Most importantly, in a country riven by poor governance, this is not money down the drain. Repayment to banks is 90 per cent and microfinance organisations following the Grameen Bank model over 98 per cent! What this has established, says Samit Ghosh, founder of Ujjivan, is “microfinance is an eminently viable commercial proposition.” Viability plus rapid growth induced hunger for capital is attracting the private equity.
But the picture changes somewhat when you look at the quality of growth. As Srinivasan points out in his report, the growth has been horizontal, and not gone deep. The three southern states which lead in microfinance (Andhra Pradesh, Tamil Nadu and Karnataka) account for 52 per cent of clients, whereas six major states and all those in the northeast account for only 1 per cent of clients. Truth is, the hardcore poor and remote areas of the country are left out of the microfinance story.
As for depth, a microfinance loan is typically for Rs 3,500-5,000 and returned in or under a year. You can't do much with that kind of a loan, it only eases liquidity problems. Naturally, microfinance is yet to deliver on its primary objective-- take people out of poverty. Only half of its clients have escaped poverty. The report quotes one of the pioneers of the microfinance movement, Vijay Mahajan, as saying, “…MFs want nearly 100 per cent repayment and they are getting it because poor people are paying out of cash flows from other activities. To say that the MFI has got 99 per cent repayment is not by itself any great virtue, because if the people are engaged in several activities, they have been given a loan and lost the asset (such as livestock death or crop failure) and are now paying you out of wage work, that is not the purpose of founding microfinance.”
A corollary to the coming in of risk capital is the exit of the social or “transformational capital” which the promoters had brought in because they wanted to change the world. This new predominantly profit oriented capital is low on social objectives, marking a dilution of the original mission. There are pluses from this development too. The buying out of individual investors is creating a market for microfinance institutions and the private equity players bring in a lot of business discipline. What is more, not every equity fund is equally driven by profit. So it is a variegated scene with examples of original investors existing entirely, or remaining in part, and importantly, not all equity players being equally profit driven, with some having only a partial profit motive. The most important plus is of course the chance for the poor to escape from the clutches of the moneylender.
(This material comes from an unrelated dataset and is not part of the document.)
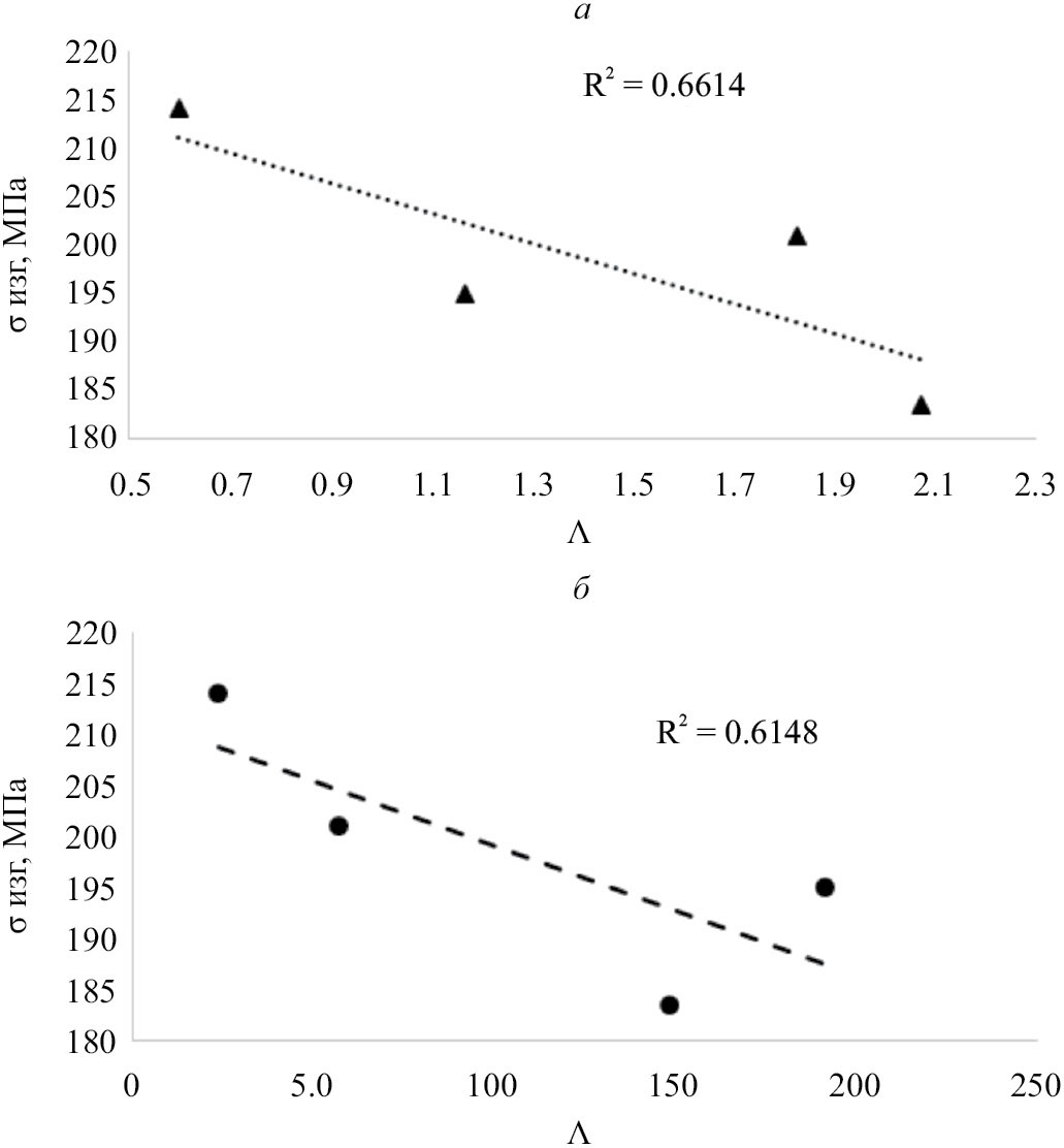Рис. 7. Взаимосвязь структурных и прочностных характеристик керамик: а – зависимость прочности на изгиб от лакунарности по зернам всех типов; б – зависимость прочности на изгиб от лакунарности по зернам дисилицида молибдена

Health security and educational opportunity are two other key elements that, along with sustained means of livelihood, make up the composite offering that allows deliverance from poverty. (One out of five loans is taken for a major family illness and urban maids frequently take loans to put their children in English medium schools.) This is why totally social oriented organisations are pursuing a different model, or starting a separate foundation to deliver a composite package. The report highlights Sarvodaya Nano Finance, which operates in the heartland of India's poverty-- Bihar, Jharkhand, Madhya Pradesh, Rajasthan— and also Maharashtra and in a big way in Tamil Nadu. It offers capacity building support services, with emphasis on dairying. It also runs health centres and organises community marriages so that families can escape the financial burden of dowry. Its recovery performance is “exceptional”.
A particularly innovative organisation is Institute for Rural Credit and Entrepreneurship Development, Sangli. It has been working on grain banks in tribal areas successfully for over a decade. From a food security model it has become a microfinance model. Women’s groups from rural areas take grain loans and repay in 10 instalments. The grain and other produce are sold to groups in urban areas. Through a notion of share capital, groups get grain loans six times their capital. With retained margins their share values go up every year. “There is tremendous demand for this product,” says Kiran Kulkarni. To reach the goal of removing poverty you have to undertake a long journey. Microfinance is a vital early step.